Григорий разгибается, берет с полки пачку дешевых папирос, вытряхивает одну и ищет, похлопывая по карманам, спички, искоса спокойно посматривая на Устинью Семеновну. Знает он, что просто так мать не придет. Что ж, надо — так надо, матери не откажешь…

— Слышь-ка, какое дело-то, — сводит брови Устинья Семеновна. — Замечаю я за Любкой нашей да за квартирантом кое-что… Не что-нибудь там непутевое, а льнут они друг к дружке…

— Ну? — выжидающе тянет Григорий, раскуривая папиросу и затаптывая погасшую спичку.

— Что «ну»! — вскидывается Устинья Семеновна на сына, с внезапной гневностью сверкнув глазами: — Ты — старшой, должен об этом подумать! Аль опять все заботы на материну шею лягут?

Гнев проходит быстро. Знает сама Устинья Семеновна, что ни за что отчитывает Григория, который толком-то еще ничего не понял. Но ее вывело из себя спокойствие его.
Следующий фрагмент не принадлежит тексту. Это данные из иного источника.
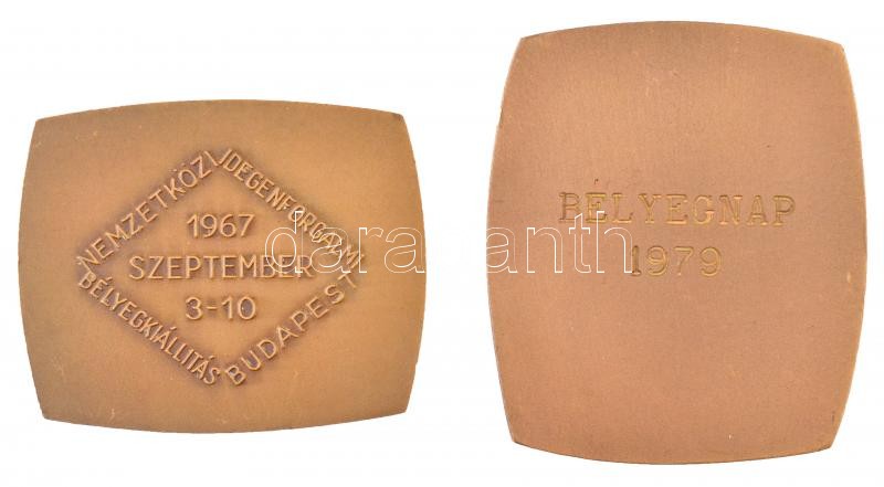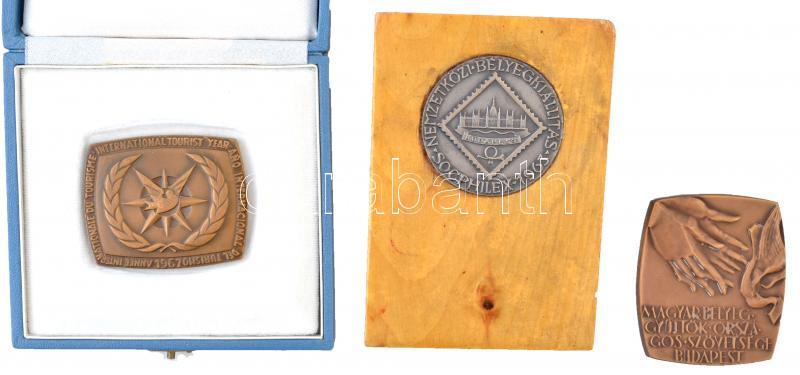 Leírás: Iván István (1905-1968) 1963. "Nemzetközi Bélyegkiállítás - SOCPHILEX" ezüstözött fém plakett, fa talpon (49mm) + 1967. "Nemzetközi Idegenforgalmi Bélyegkiállítás - Budapest 1967. Szeptember 3-10." Br plakett eredeti tokban (48,5x60mm) + ~1979. "Magyar Bélyeggyűjtők Országos Szövetsége" Br plakett (55x64,5mm) T:2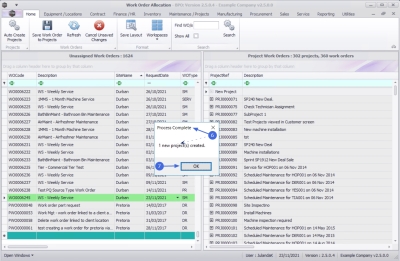 The Auto Create Projects process creates projects from work orders with matching parameters.
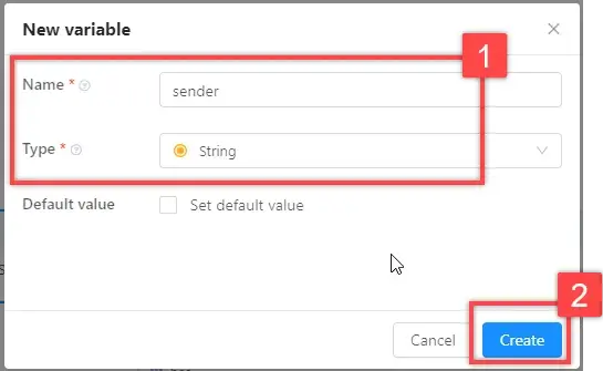 In the opened window, enter the name of the variable: name "sender", type "String". Click "Create".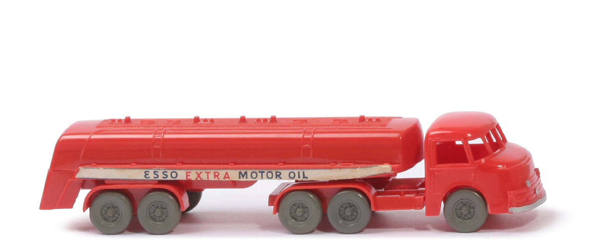 | Zugmaschine | Verglasung | ohne | Kabine Farbe | orangerot | Chassis Farbe | orangerot | Kabinenrückwand | ohne Haltenasen | Bemalung | Scheinwerfer, Stoßstange | Bodenprägung Chassis | WM ohne Kreis | vordere Auswerfermarkierung | 3 mm | hintere Auswerfermarkierung | 4 Stück | Achshalterungen | geschlossen | Sattelpfanne | integriert | Reserverad | ohne | Rückleuchten | ohne | Räder vorn | Version 7 - betongrau | Räder hinten | Version 7 - betongrau | | Auflieger | Farbe Korpus, Unterteil | orangerot | Farbe Achseinheit | orangerot | Königsbolzen | dünn, integriert | Bodenprägung Unterseite | WM im Kreis | Bodenprägung Achseinheit | ohne | Typ Achshalterung | gerade, geschlossen | Reserverad | ohne | Rückleuchten | ohne | Beschriftung Seite | Papieraufkleber | Länge / Art | 46mm / EXTRA in rot | Beschriftung Heck | Papieraufkleber | Rand | schmal | Bemalung Nummernschild | silber | Räder | Version 7 - betongrau |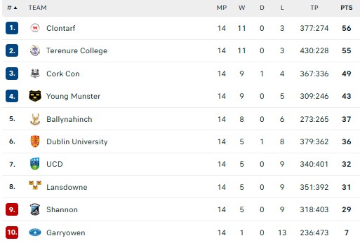 Meanwhile down at the bottom Garryowen finally slipped through the trap door although the race to avoid joining them is really hotting up and for the remainder of the campaign I can’t see there being too many dead rubbers.
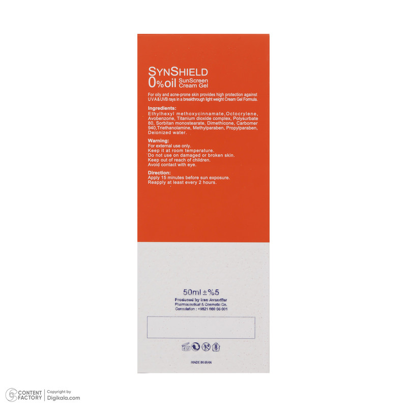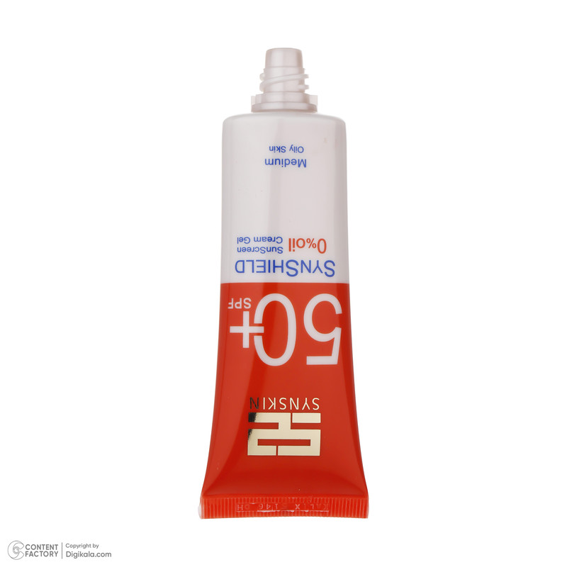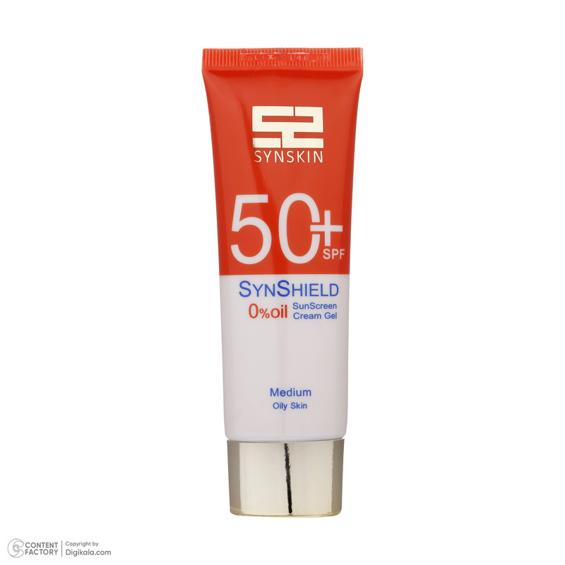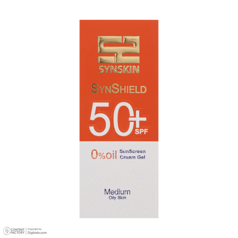ژل کرم ضدآفتاب spf50 فاقد چربی ساین اسکین مدیوم 50 میلی لیتر Synskin Synshield SPF50 Sunscreen Cream For Oily Skin medium 50ml، مناسب پوست چرب، دارای بافت بسیار سبک و فاقد چربی می باشد. با پخش پذیری بسیار بالا و جذب سریع در زمان مصرف روی پوست حس مطلوبی را برای شما ایجاد مینماید. کرم ژل ضدآفتاب ساین شیلد SPF50 ساین اسکین، با بهره گیری از فاکتور حفاظتی SPF50 از پوست در برابر پرتوهای مضر خورشید از جمله UVB محافظت کرده، به علاوه با استفاده از فیلترهای UVA تا میزان چشمگیری از نفوذ موجهای نور خورشید به پوست ممانعت به عمل می آورد. به دلیل رنگی بودن این محصول به صاف و یکدست شدن پوست نیز کمک می کند.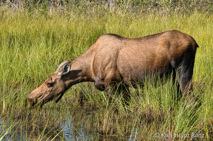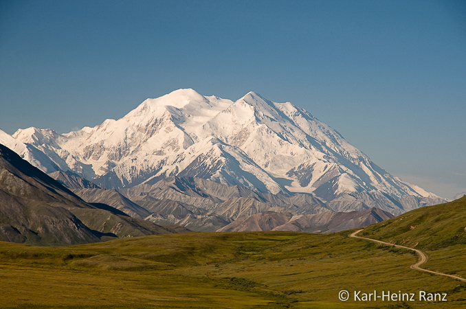 Ein gigantisches Wetter hatte ich dann im Denali-Nationalpark. Ins Parkinnere führt eine etwa 100 km lange Straße bis Kantishna, ich genieße das nur an wenigen Tagen im Jahr wolkenfreie Panorama über der Alaska Range, mit dem krönenden Höhepunkt, dem Mount McKinley (Mount Denali), mit 6.193 Metern.

— Что ты, мама, напрасно-то? — хмурится Григорий. — Я ведь выслушать тебя сначала хотел. Дело-то ясное тут: он парень молодой, Любка — девка приметная, живут под одной крышей, чего еще ждать-то было? Да и Любке самая пора замуж, тебе же полегче будет с зятем-то. Сама знаешь, что дом без мужика — все равно, что телега без колеса.

— Такого зятя мне и близко не надо. От Семки, сына родного, отказалась за его своевольство, а этот… За иконы того и гляди примется, дай ему волю. Не-ет, не ко двору он мне! — машет рукой Устинья Семеновна. — Отказываю я ему с квартиры на днях.

— Отказываешь? — удивляется Григорий. — Ну-ну… тебе видней. Только, мне кажется, не лишние деньги-то тебе, которые он платит.

— А ребятенка припрет она, тогда что? — перебивает Устинья Семеновна. — Стыд, срам, людям на глаза не показывайся.

— Аль уже до этого дошло? — вскидывает брови Григорий. — Тогда, конечно, нечего раздумывать… Выдавать ее надо замуж за Ванюшку соседского, парень совсем иссох.

— То же и я подумываю. Да не лежит, видно, сердце у нее к нему. Но бабье-то сердце я знаю, оно с годами-то повертливое бывает. Потеплеет и Любка к Ванюшке, коль замуж выйдет, такая уж наша бабья доля.

Григорий кивает и подходит к двери сарайки, поглядывает на небо.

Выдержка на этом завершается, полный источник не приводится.